• [Given data]:
□ □ □ □ □
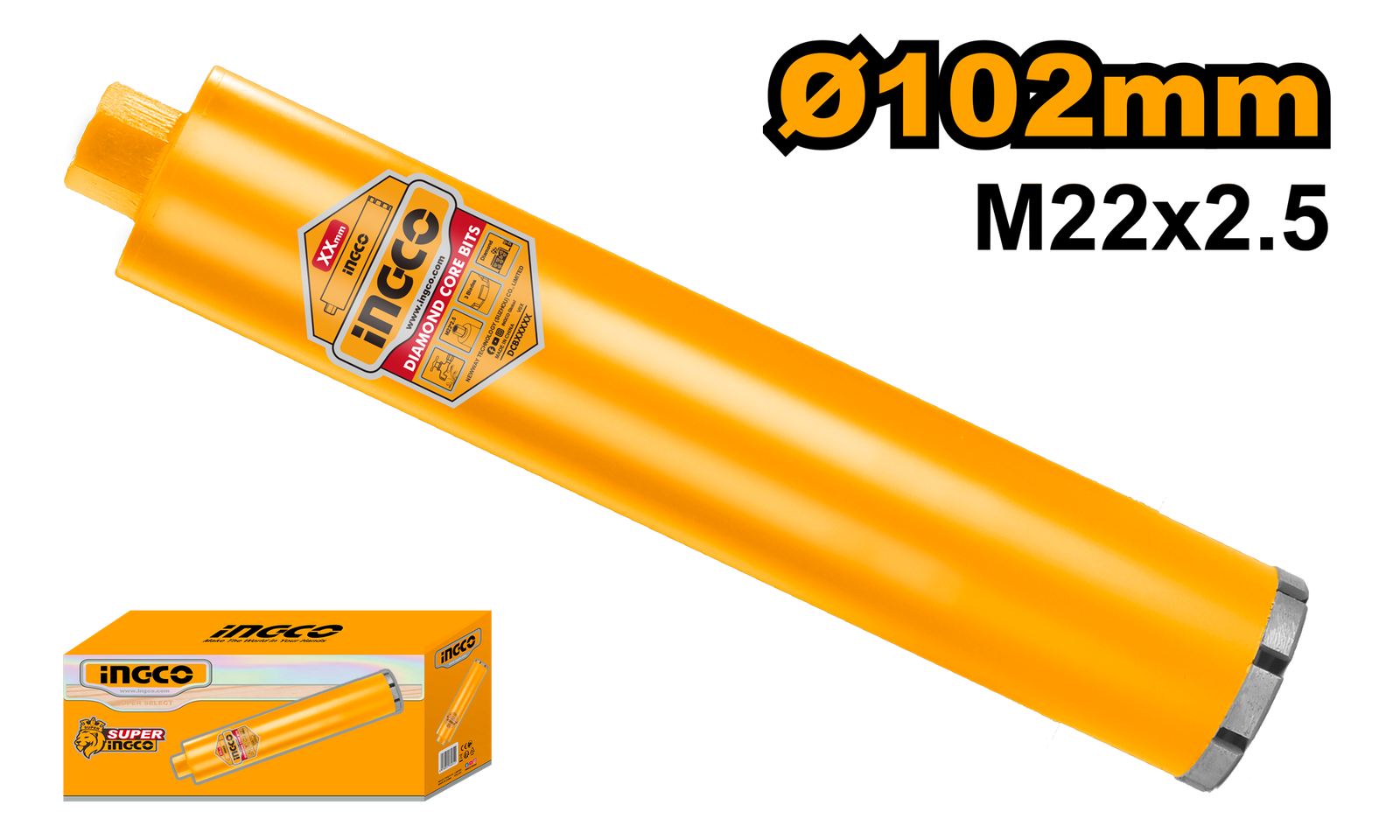 | Type:Wet Laser welded segments Diameter:102mm Length: 450mm Adaptor:M22 x 2.5 Special for cutting concrete with rebar Suitable for,DDM28001 and DDM38001 Packed by carton box |
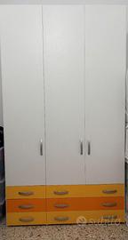 2 armadi per camera da letto bambini marca Moretti, di cui un armadio a tre cassetti esterni e tre ante battenti con all’interno due mensole ed un appendiabiti (h.258, larg.145, prof.60) ed un armadio a tre cassetti esterni, due ante battenti e cinque mensole esterne, con all’interno due mensole ed un appendiabiti (h.258, larg.98 dell’armadio e 58 delle mensole esterne, prof.60). Ottimo stato, i mobili si trovano a Genova, ritiro a carico dell’acquirente. E’ possibile acquistare anche un singolo armadio tra i due proposti. Prezzo richiesto €500
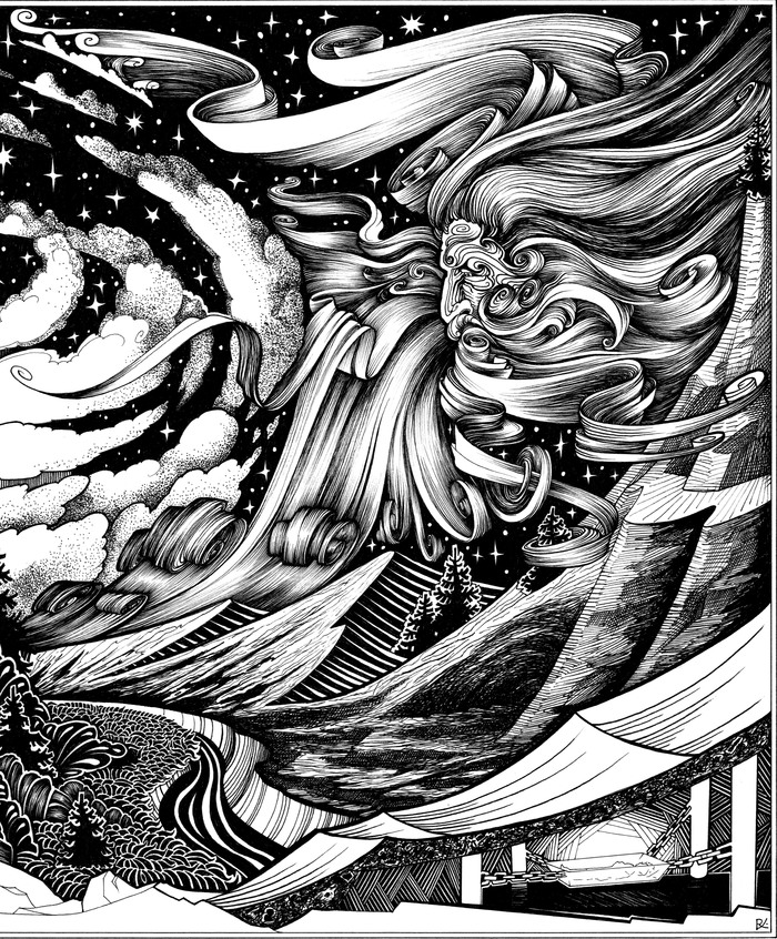 Данная работа выполнена черными линерами разной толщины на бумаге. Все изображения кликабельны.
□ □ □ □ □
• [What you will do]: Retype each line above exactly and leave out any picture.

• [Your response]:
 | Type:Wet Laser welded segments Diameter:102mm Length: 450mm Adaptor:M22 x 2.5 Special for cutting concrete with rebar Suitable for,DDM28001 and DDM38001 Packed by carton box |
 2 armadi per camera da letto bambini marca Moretti, di cui un armadio a tre cassetti esterni e tre ante battenti con all’interno due mensole ed un appendiabiti (h.258, larg.145, prof.60) ed un armadio a tre cassetti esterni, due ante battenti e cinque mensole esterne, con all’interno due mensole ed un appendiabiti (h.258, larg.98 dell’armadio e 58 delle mensole esterne, prof.60). Ottimo stato, i mobili si trovano a Genova, ritiro a carico dell’acquirente. E’ possibile acquistare anche un singolo armadio tra i due proposti. Prezzo richiesto €500
 Данная работа выполнена черными линерами разной толщины на бумаге. Все изображения кликабельны.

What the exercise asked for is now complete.